A prerequisite for being able to apply the GDPR is to understand who is responsible for the processing of certain personal data. The European Data Protection Board EDPB are now announcing a guideline on this issue. Anna Lööv, partner at Kompass Advokat and specialist in issues of data protection, goes through the most important news of the guideline.
Who is responsible for personal data?
The person who determines the purpose (why) and the means (how) for the processing of personal data, is called the controller according to GDPR. The responsibility entails an obligation to comply with the GDPR and is therefore a basis for the entire regulatory framework.
In some cases, it is very clear who is the controller, for example in cases where laws or regulations state that an authority is responsible for personal data. In other cases, it is also almost self-evident, e.g., employers are the controller for the processing of employees' data or in the relationship e-commerce company - customer or media company - subscriber.

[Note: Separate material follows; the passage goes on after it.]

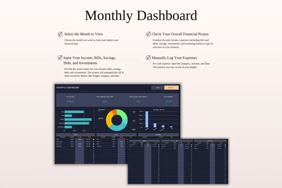 The dark theme gives the spreadsheet a polished, modern look while making it comfortable to use in low-light environments. With a simple and organized layout, you can quickly record bills, select the month and year, track payment status, and see which bills are paid, pending, or due. It also supports multi-currency use, making it flexible for different users and financial needs.

But situations sometimes arise when it is more doubtful who the controller really is. What applies, for example, when the company's auditing company handles personal data about e.g. customers or employees in their reviews? The new guidelines state that the auditing company itself is the controller because the auditing company's work cannot be controlled by the client company, but is regulated by law. The auditing company therefore has great power over the processing of personal data that the company becomes the controller.
Two or more companies can sometimes be joint controllers. This commonly occurs when a company provides information or data to another company. The guidelines provide a few examples from court cases. In one of them, a company using cookies from Facebook, was considered joint controller together with Facebook, for the extraction of personal data through the cookie to Facebook. This means that the companies have an obligation to reach an agreement, preferably a written contract, clarifying who is responsible for, e.g., providing information to the registered individuals.

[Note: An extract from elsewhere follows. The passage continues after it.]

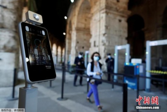 资料图:6月1日,意大利首都罗马,罗马斗兽场重新开放。出于防疫原因,参观者在入场时被要求戴上口罩、测量体温并进行手部消毒。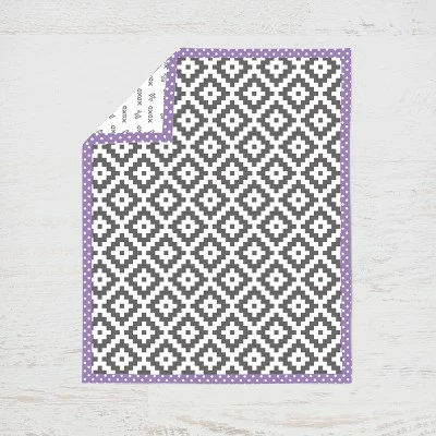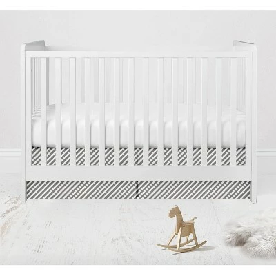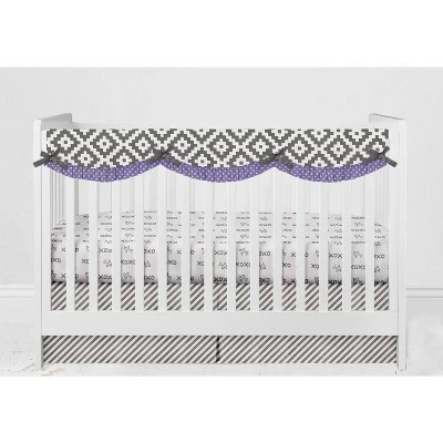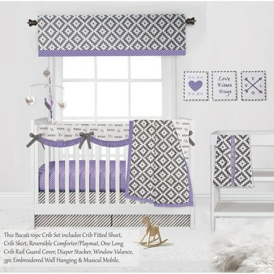 - This Bacati 10-piece Crib Set Includes Reversible Comforter/Playmat (33 x 43 inches), Crib fitted sheet (52 x 28 x 6 inches), Crib Skirt/Dust ruffle (13 inch drop) Diaper Stacker (holds more than 30 newborn diapers), Reversible Long Crib Rail Guard Cover (52 x 12 inches), Window Valance (15 h x 56 w inches with 1.75 inch Rod Pocket), 3 pc Wall Hangings Set and Musical Mobile in fun, colorful and signature prints in 100 percent cotton 200 Thread Count percale fabrics. Designed in United States by Experienced Designers. Many coordinating items available to purchase separately in this Bacati Love Aztec Gray Lilac Bedding Collection.

At the same time, the guidelines state that the mere fact that several companies use the same technical platform for their personal data processing, does not mean that they automatically become joint controllers.
When a company processes personal data on behalf of someone else, as a service provider, it is referred to as processor. The guidelines contain new and detailed rules for the agreement that must exist according to the GDPR between the two parties. The guidelines also indicate that the controller needs to check that the processor really has the knowledge, resources and sufficient IT security before they are accepted as processors but also during the assignment period.
"Anna Lööv, partner at Kompass Advokat and specialist in data protection issues."
In some cases, the processor has a very large influence on how the data is processed. For example, if the processor is an advanced technical platform, can the customer really be considered to decide on the means of processing, for how the data is processed? The guidelines explain that as long as it is a matter of non-essential means, e.g. practical aspects of the treatment or which hardware or software to use, the responsibility is not affected.
On October 19, the consultation period ends. The guidelines are expected to enter into force in 2021, probably in the spring. Here is a checklist of what your company can think of:
- Reconcile any doubts in the current division of roles. Are there e.g. joint control in certain situations?
- Negotiate agreements with any joint controllers.
- Create a routine for evaluating new processors.
- Reconcile existing agreements with processors.